Performance of the Wordcount workload with different input sizes.

Fig. 4.
figure 4

CDFs of running times of map tasks in the Wordcount workload.

Fig. 5.
figure 5

CDFs of running times of reduce tasks in the Wordcount workload.

Interestingly, Fig. 4(a) shows that some map task durations are smaller for the compute-centric paradigm compared to the data-centric one. This is due to the fact that Spark employs delay scheduling [35] to increase the chances of a map task to be launched locally for the data-centric paradigm. This delay while launching the map tasks, which results in a performance degradation for the jobs with small input data sizes, is due to the default Spark configuration for the maximum waiting time (i.e., 3 s) in scheduling the map tasks. This is only valid for the data-centric paradigm since there is no data locality objective when scheduling the tasks in the compute-centric paradigm where all the machines have an equivalent distance to the parallel file system. On the other hand, we observe an increase in the map task durations with larger input sizes for the compute-centric paradigm. This results from the higher latency while fetching the input data from parallel file system with larger input sizes.

Another interesting trend we observe is that the maximum map task duration also increases with the increasing data sizes, especially with 200 GB input data size in Fig. 4(c). We believe that this behavior is due to the higher contention with the increased number of concurrent map tasks. It is important to note that there are 33, 594 and 800 concurrent map tasks with 2 GB, 20 GB and 200 GB input sizes. Moreover, we see that this increase is much higher with the compute-centric paradigm which can highlight the severity of the contention problem for this paradigm. We will further explain the impact of the contention on the application performance in Sect. 3.2.

In Fig. 5, we observe a similar trend for the reduce task durations for the compute-centric paradigm. With larger data sizes, we observe an increase in those durations too. This again stems from an increased amount of the remote data transfer while writing the reducer outputs to the parallel file system. Moreover, we discover that there is a high performance variability in the reduce phase and the maximum task duration is quite high even with 2 GB data size. This is due to the static Spark configuration which employs 800 reducers regardless of the input data size. These high number of reducers overload the parallel file system and results in this performance variability. Hence, we do not see the impact of latency in Fig. 3 for the reduce phase. However, when the output data size is large enough as shown for the Sort workload in the previous experiment (Fig. 2(b)), the impact of the I/O latency is quite clear as it results in a significant performance degradation.

For the data-centric paradigm, this time we see that reduce task durations are inlined with the data sizes, different from the map phase. While for the map phase there is an increase in the maximum task duration due to the increased number of concurrent map tasks, for the reduce phase the number of reduce tasks is fixed and the increase in the reduce task durations is mainly due to the increased amount of reducer output with larger input sizes.

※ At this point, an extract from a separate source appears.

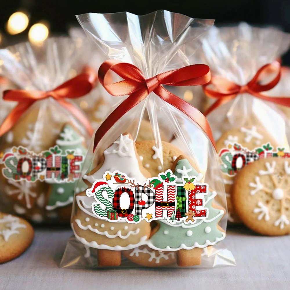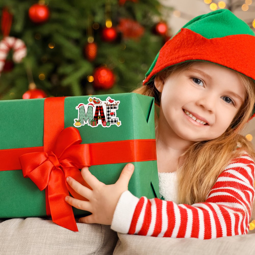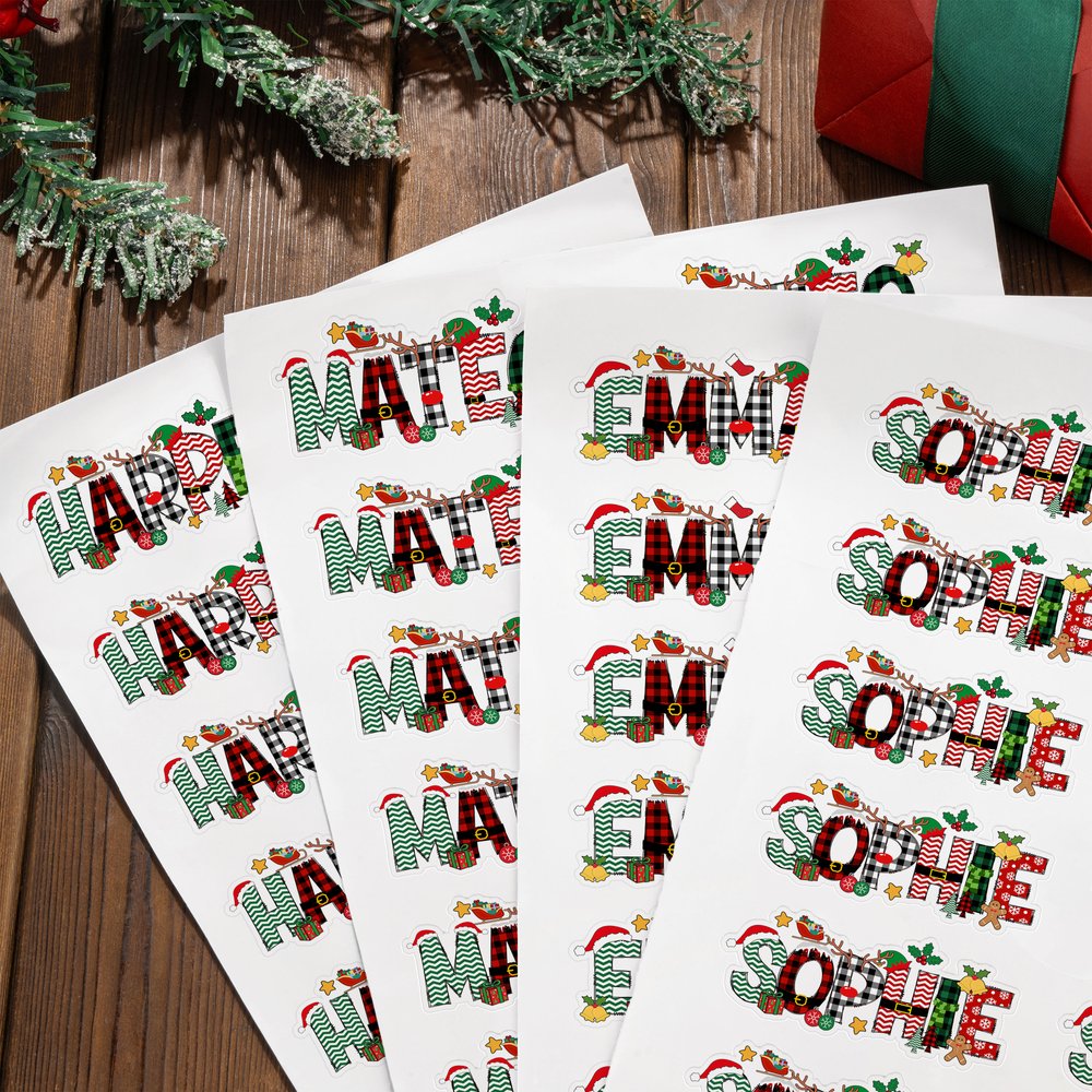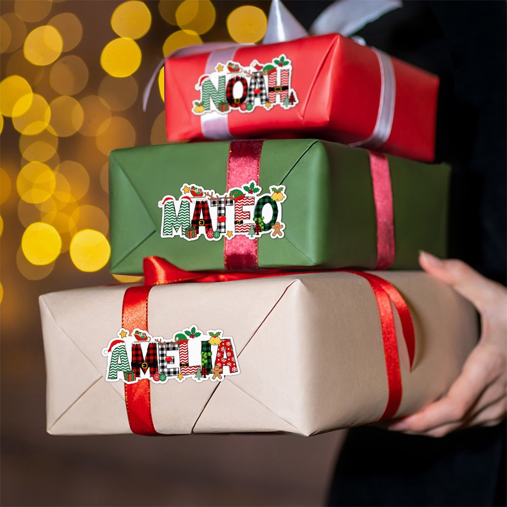 Ces autocollants présentent un thème de lettres de Noël et un design cartoonesque. Des détails tels que des carreaux rouges et noirs, des boutons dorés, des chapeaux de Père Noël et des rennes, associés à des noms personnalisés, créent une riche atmosphère de Noël, rendant chaque autocollant unique et significatif, ce qui en fait un autocollant amusant et festif.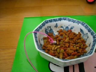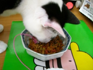 このにゃんこ、カワイイなあ~。オモチャをおかずにして、ごはんを食べてるんですね。

Intermediate Data Storage. In Big Data processing systems, intermediate data are typically stored locally. However, nodes in some of the HPC systems may not have individual disks attached to themselves. This gives rise to the question of how to store the intermediate data when running Big Data applications on HPC systems. As a naive solution, we employed PVFS also for storing the intermediate data as well as storage space for input and output data like in the experiments so far. We ran the Sort workload with PVFS since it generates an intermediate data equal to the input data size and thus it is a good fit for evaluating the intermediate data storage for HPC systems. Figure 6 compares the performance of Sort depending on the intermediate data location: local storage (on disk) or remote storage (on PVFS). We see that using PVFS also for storing the intermediate data results in 9% performance degradation.

When we analyze the performance of the Sort workload in each phase, we see that this performance degradation is 16% for the map phase which stems from writing the intermediate data to the parallel file system. For the reduce phase, we observe that there is a 8% increase in the completion time due to the additional I/O latency when fetching the intermediate data from PVFS.

Fig. 6.
figure 6

Impact of the location of intermediate data on the performance of the Sort workload.

Findings. In all of the workloads, we observe that the remote data access to the parallel file system leads to a significant performance degradation, especially for the input and output data. We also confirm that the degree of this performance degradation depends on the characteristics of the workloads and on the input data size.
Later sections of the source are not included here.